Omitting the pictures, restate all of the entries below exactly.

--- Available data ---

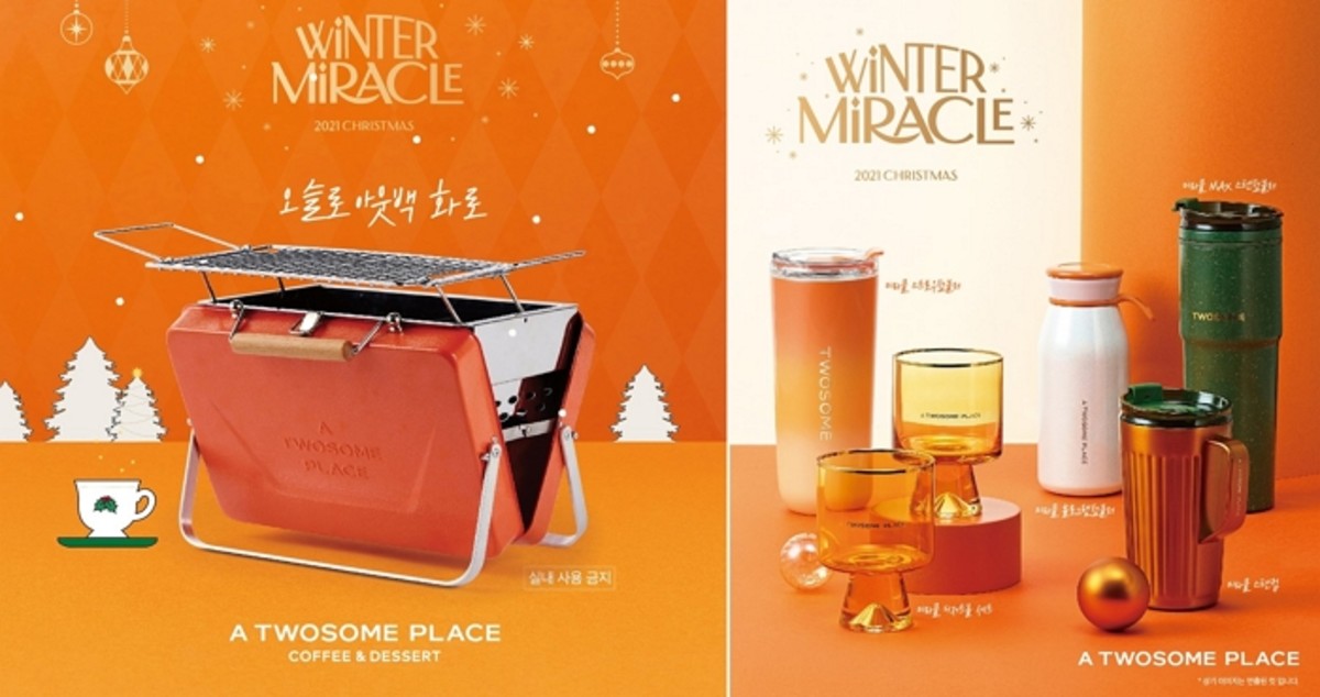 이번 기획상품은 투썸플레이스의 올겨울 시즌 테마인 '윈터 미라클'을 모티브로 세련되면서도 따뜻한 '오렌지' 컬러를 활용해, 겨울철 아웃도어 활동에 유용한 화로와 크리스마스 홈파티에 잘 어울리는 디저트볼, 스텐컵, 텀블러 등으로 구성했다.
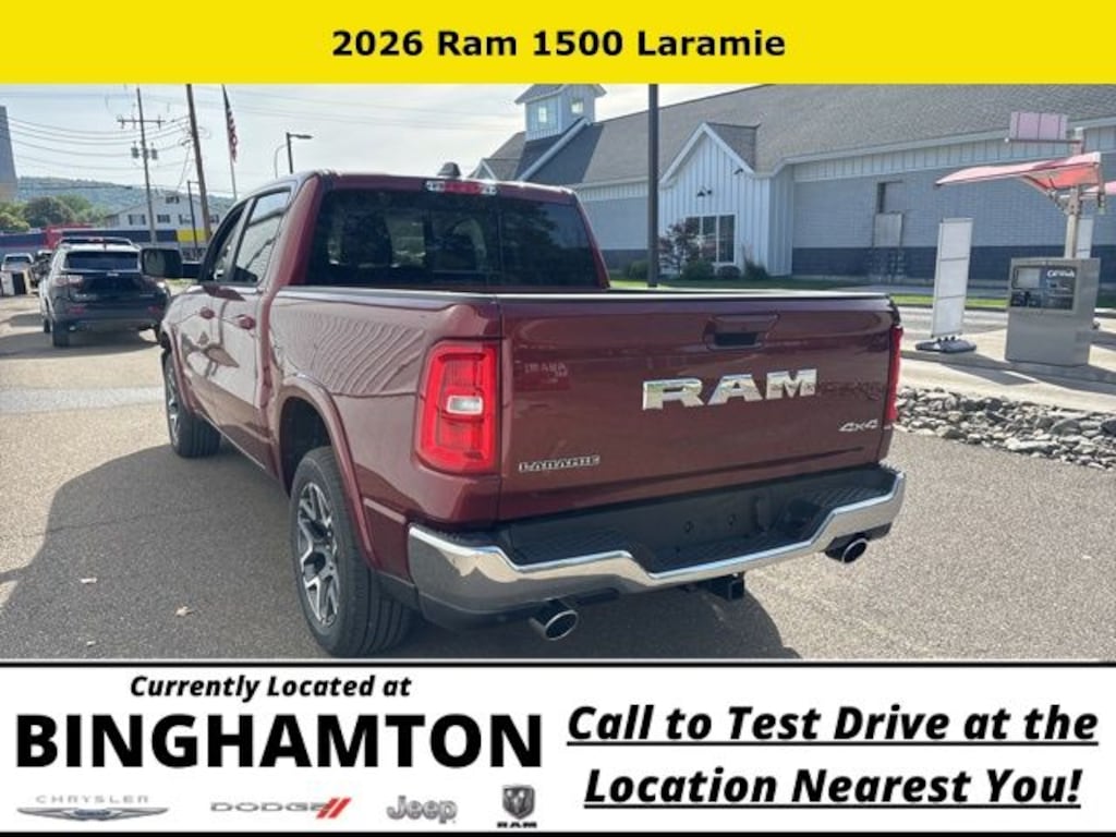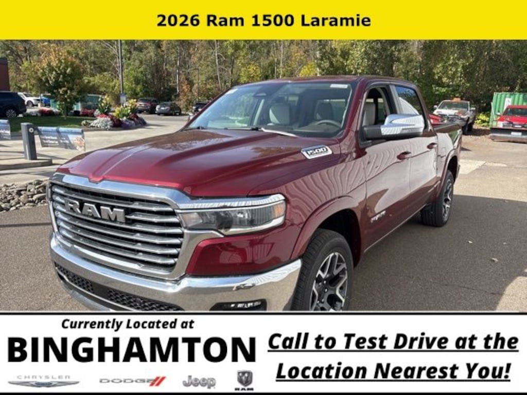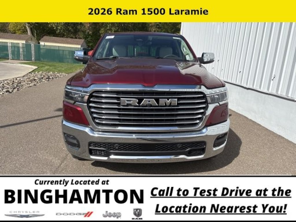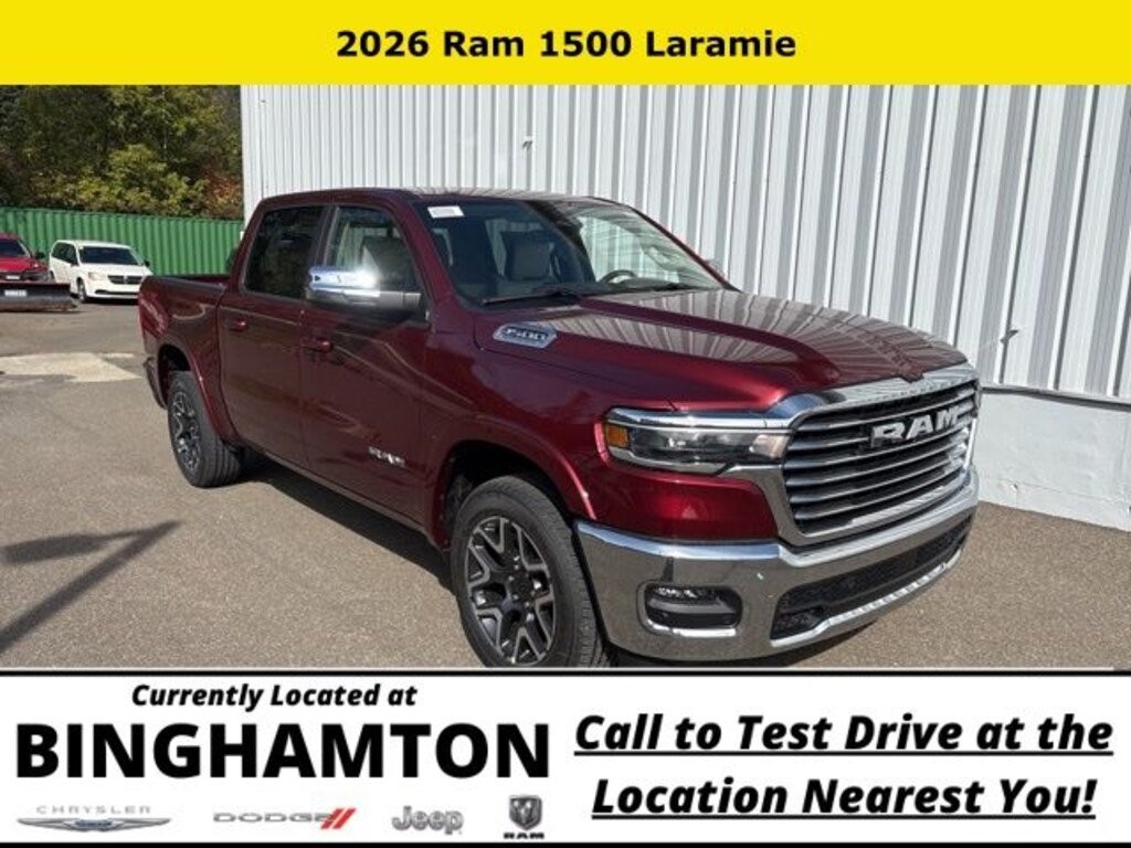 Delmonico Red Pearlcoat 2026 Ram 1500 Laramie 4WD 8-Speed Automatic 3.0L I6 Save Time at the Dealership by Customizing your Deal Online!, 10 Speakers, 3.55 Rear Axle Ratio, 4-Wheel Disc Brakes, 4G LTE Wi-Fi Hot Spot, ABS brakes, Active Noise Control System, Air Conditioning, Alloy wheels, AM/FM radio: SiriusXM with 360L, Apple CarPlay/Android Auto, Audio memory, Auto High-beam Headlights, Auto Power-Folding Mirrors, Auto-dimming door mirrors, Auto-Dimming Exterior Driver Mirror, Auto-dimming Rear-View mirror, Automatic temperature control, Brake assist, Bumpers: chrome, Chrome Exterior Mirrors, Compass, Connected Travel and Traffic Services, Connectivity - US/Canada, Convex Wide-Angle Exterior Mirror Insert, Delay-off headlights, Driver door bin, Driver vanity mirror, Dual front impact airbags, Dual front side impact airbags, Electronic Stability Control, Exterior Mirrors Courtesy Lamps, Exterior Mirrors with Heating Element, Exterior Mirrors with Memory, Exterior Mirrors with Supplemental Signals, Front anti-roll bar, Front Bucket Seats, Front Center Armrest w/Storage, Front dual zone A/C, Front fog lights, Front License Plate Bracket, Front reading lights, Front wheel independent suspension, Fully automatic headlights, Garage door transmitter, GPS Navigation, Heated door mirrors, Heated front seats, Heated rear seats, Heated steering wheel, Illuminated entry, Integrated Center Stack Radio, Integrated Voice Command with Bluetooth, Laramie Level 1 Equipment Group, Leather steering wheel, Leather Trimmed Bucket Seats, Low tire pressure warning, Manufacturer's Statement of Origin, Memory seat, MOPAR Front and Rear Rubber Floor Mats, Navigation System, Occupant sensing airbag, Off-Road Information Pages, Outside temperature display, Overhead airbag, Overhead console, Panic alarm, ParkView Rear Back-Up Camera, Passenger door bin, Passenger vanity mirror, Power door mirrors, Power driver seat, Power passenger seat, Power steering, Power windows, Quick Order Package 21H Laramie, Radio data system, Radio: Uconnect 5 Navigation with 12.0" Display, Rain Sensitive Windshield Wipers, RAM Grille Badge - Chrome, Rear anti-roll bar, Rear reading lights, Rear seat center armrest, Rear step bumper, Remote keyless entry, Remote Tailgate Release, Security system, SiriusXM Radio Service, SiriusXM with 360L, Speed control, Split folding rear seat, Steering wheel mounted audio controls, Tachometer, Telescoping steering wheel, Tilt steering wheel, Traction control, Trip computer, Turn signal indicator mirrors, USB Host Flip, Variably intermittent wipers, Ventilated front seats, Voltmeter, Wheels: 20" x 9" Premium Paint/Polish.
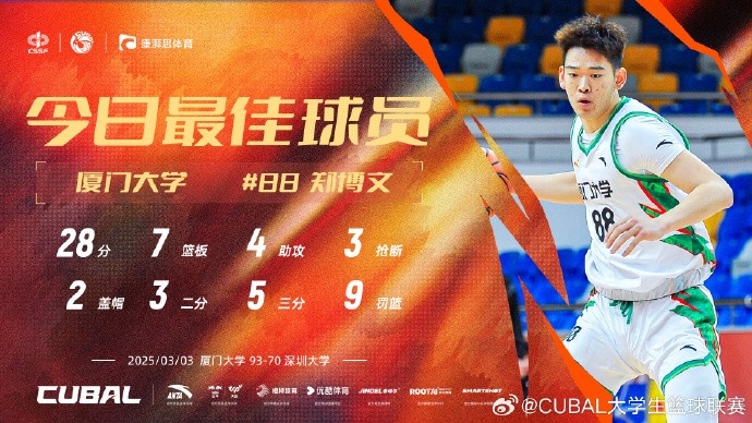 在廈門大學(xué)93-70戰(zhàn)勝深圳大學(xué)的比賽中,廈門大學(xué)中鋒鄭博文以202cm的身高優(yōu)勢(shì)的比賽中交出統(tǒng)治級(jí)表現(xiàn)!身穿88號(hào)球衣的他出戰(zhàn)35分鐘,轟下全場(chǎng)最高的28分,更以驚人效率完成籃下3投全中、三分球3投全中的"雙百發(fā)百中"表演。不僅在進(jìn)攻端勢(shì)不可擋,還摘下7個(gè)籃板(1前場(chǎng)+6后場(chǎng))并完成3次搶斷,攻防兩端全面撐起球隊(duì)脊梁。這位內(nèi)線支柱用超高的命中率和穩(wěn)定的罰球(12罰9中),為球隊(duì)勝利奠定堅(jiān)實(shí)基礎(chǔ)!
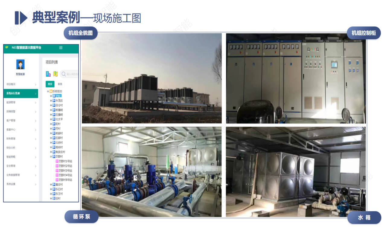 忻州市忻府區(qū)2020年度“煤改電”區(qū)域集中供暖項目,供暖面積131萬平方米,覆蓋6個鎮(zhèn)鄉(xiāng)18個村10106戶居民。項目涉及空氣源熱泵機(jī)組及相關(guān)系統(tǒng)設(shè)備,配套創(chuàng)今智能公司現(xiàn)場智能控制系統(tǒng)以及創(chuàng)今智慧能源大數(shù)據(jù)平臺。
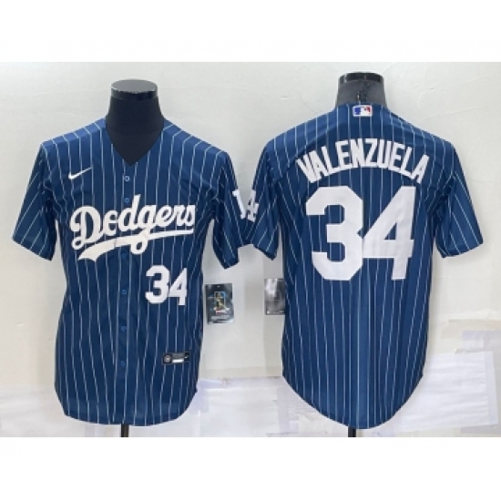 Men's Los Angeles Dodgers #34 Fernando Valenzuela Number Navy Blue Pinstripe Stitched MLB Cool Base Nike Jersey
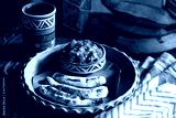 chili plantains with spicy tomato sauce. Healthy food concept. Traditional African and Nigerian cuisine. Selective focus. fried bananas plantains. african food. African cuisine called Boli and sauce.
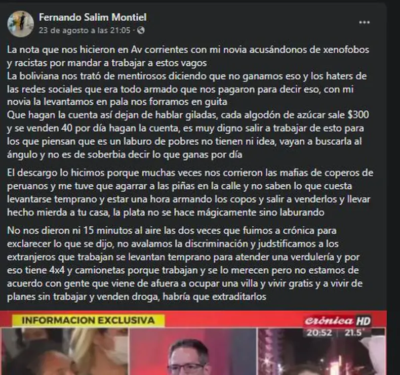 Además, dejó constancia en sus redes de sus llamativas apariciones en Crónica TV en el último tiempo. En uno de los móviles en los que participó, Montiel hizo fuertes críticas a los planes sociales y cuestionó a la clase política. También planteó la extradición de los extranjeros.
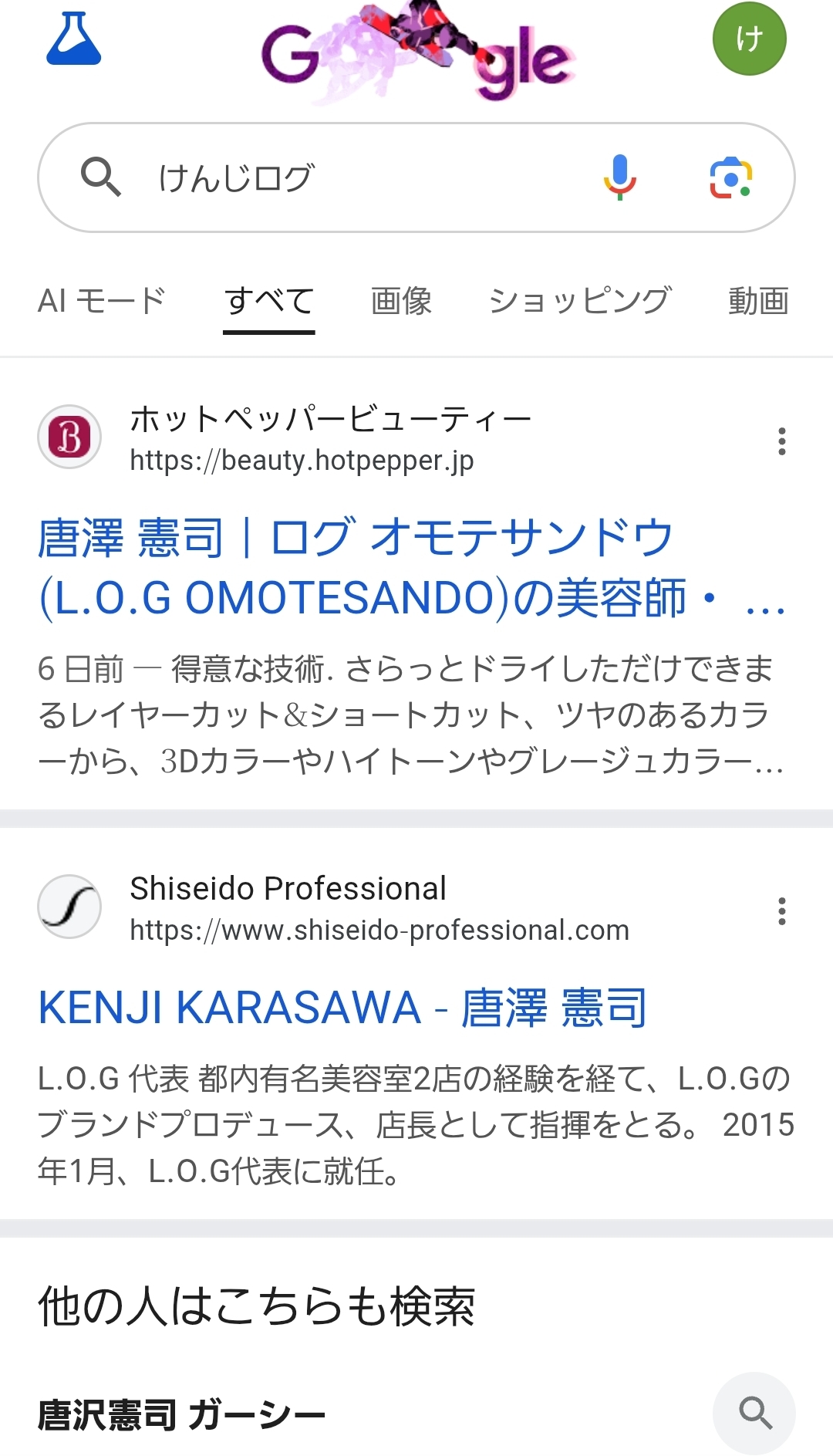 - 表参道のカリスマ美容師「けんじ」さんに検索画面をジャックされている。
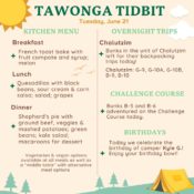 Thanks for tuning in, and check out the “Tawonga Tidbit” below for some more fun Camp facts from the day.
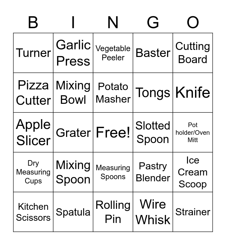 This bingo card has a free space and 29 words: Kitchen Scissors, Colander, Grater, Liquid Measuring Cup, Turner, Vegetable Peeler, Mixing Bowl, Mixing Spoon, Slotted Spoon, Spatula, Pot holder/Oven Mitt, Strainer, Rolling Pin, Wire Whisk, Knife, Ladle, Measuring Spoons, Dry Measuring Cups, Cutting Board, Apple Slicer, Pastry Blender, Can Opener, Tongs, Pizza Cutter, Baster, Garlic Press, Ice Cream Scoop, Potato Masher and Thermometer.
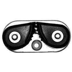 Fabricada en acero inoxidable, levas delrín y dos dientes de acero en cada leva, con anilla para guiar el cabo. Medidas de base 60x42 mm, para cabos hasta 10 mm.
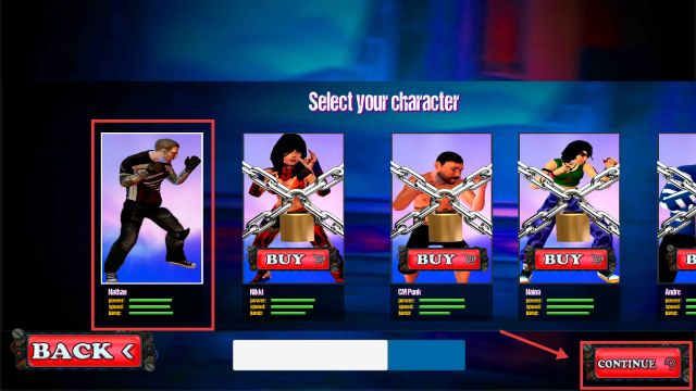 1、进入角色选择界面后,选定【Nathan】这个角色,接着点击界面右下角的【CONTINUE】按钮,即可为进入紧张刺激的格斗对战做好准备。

---

### Task response
 이번 기획상품은 투썸플레이스의 올겨울 시즌 테마인 '윈터 미라클'을 모티브로 세련되면서도 따뜻한 '오렌지' 컬러를 활용해, 겨울철 아웃도어 활동에 유용한 화로와 크리스마스 홈파티에 잘 어울리는 디저트볼, 스텐컵, 텀블러 등으로 구성했다.
 Delmonico Red Pearlcoat 2026 Ram 1500 Laramie 4WD 8-Speed Automatic 3.0L I6 Save Time at the Dealership by Customizing your Deal Online!, 10 Speakers, 3.55 Rear Axle Ratio, 4-Wheel Disc Brakes, 4G LTE Wi-Fi Hot Spot, ABS brakes, Active Noise Control System, Air Conditioning, Alloy wheels, AM/FM radio: SiriusXM with 360L, Apple CarPlay/Android Auto, Audio memory, Auto High-beam Headlights, Auto Power-Folding Mirrors, Auto-dimming door mirrors, Auto-Dimming Exterior Driver Mirror, Auto-dimming Rear-View mirror, Automatic temperature control, Brake assist, Bumpers: chrome, Chrome Exterior Mirrors, Compass, Connected Travel and Traffic Services, Connectivity - US/Canada, Convex Wide-Angle Exterior Mirror Insert, Delay-off headlights, Driver door bin, Driver vanity mirror, Dual front impact airbags, Dual front side impact airbags, Electronic Stability Control, Exterior Mirrors Courtesy Lamps, Exterior Mirrors with Heating Element, Exterior Mirrors with Memory, Exterior Mirrors with Supplemental Signals, Front anti-roll bar, Front Bucket Seats, Front Center Armrest w/Storage, Front dual zone A/C, Front fog lights, Front License Plate Bracket, Front reading lights, Front wheel independent suspension, Fully automatic headlights, Garage door transmitter, GPS Navigation, Heated door mirrors, Heated front seats, Heated rear seats, Heated steering wheel, Illuminated entry, Integrated Center Stack Radio, Integrated Voice Command with Bluetooth, Laramie Level 1 Equipment Group, Leather steering wheel, Leather Trimmed Bucket Seats, Low tire pressure warning, Manufacturer's Statement of Origin, Memory seat, MOPAR Front and Rear Rubber Floor Mats, Navigation System, Occupant sensing airbag, Off-Road Information Pages, Outside temperature display, Overhead airbag, Overhead console, Panic alarm, ParkView Rear Back-Up Camera, Passenger door bin, Passenger vanity mirror, Power door mirrors, Power driver seat, Power passenger seat, Power steering, Power windows, Quick Order Package 21H Laramie, Radio data system, Radio: Uconnect 5 Navigation with 12.0" Display, Rain Sensitive Windshield Wipers, RAM Grille Badge - Chrome, Rear anti-roll bar, Rear reading lights, Rear seat center armrest, Rear step bumper, Remote keyless entry, Remote Tailgate Release, Security system, SiriusXM Radio Service, SiriusXM with 360L, Speed control, Split folding rear seat, Steering wheel mounted audio controls, Tachometer, Telescoping steering wheel, Tilt steering wheel, Traction control, Trip computer, Turn signal indicator mirrors, USB Host Flip, Variably intermittent wipers, Ventilated front seats, Voltmeter, Wheels: 20" x 9" Premium Paint/Polish.
 在廈門大學(xué)93-70戰(zhàn)勝深圳大學(xué)的比賽中,廈門大學(xué)中鋒鄭博文以202cm的身高優(yōu)勢(shì)的比賽中交出統(tǒng)治級(jí)表現(xiàn)!身穿88號(hào)球衣的他出戰(zhàn)35分鐘,轟下全場(chǎng)最高的28分,更以驚人效率完成籃下3投全中、三分球3投全中的"雙百發(fā)百中"表演。不僅在進(jìn)攻端勢(shì)不可擋,還摘下7個(gè)籃板(1前場(chǎng)+6后場(chǎng))并完成3次搶斷,攻防兩端全面撐起球隊(duì)脊梁。這位內(nèi)線支柱用超高的命中率和穩(wěn)定的罰球(12罰9中),為球隊(duì)勝利奠定堅(jiān)實(shí)基礎(chǔ)!
 忻州市忻府區(qū)2020年度“煤改電”區(qū)域集中供暖項目,供暖面積131萬平方米,覆蓋6個鎮(zhèn)鄉(xiāng)18個村10106戶居民。項目涉及空氣源熱泵機(jī)組及相關(guān)系統(tǒng)設(shè)備,配套創(chuàng)今智能公司現(xiàn)場智能控制系統(tǒng)以及創(chuàng)今智慧能源大數(shù)據(jù)平臺。
 Men's Los Angeles Dodgers #34 Fernando Valenzuela Number Navy Blue Pinstripe Stitched MLB Cool Base Nike Jersey
 chili plantains with spicy tomato sauce. Healthy food concept. Traditional African and Nigerian cuisine. Selective focus. fried bananas plantains. african food. African cuisine called Boli and sauce.
 Además, dejó constancia en sus redes de sus llamativas apariciones en Crónica TV en el último tiempo. En uno de los móviles en los que participó, Montiel hizo fuertes críticas a los planes sociales y cuestionó a la clase política. También planteó la extradición de los extranjeros.
 - 表参道のカリスマ美容師「けんじ」さんに検索画面をジャックされている。
 Thanks for tuning in, and check out the “Tawonga Tidbit” below for some more fun Camp facts from the day.
 This bingo card has a free space and 29 words: Kitchen Scissors, Colander, Grater, Liquid Measuring Cup, Turner, Vegetable Peeler, Mixing Bowl, Mixing Spoon, Slotted Spoon, Spatula, Pot holder/Oven Mitt, Strainer, Rolling Pin, Wire Whisk, Knife, Ladle, Measuring Spoons, Dry Measuring Cups, Cutting Board, Apple Slicer, Pastry Blender, Can Opener, Tongs, Pizza Cutter, Baster, Garlic Press, Ice Cream Scoop, Potato Masher and Thermometer.
 Fabricada en acero inoxidable, levas delrín y dos dientes de acero en cada leva, con anilla para guiar el cabo. Medidas de base 60x42 mm, para cabos hasta 10 mm.
 1、进入角色选择界面后,选定【Nathan】这个角色,接着点击界面右下角的【CONTINUE】按钮,即可为进入紧张刺激的格斗对战做好准备。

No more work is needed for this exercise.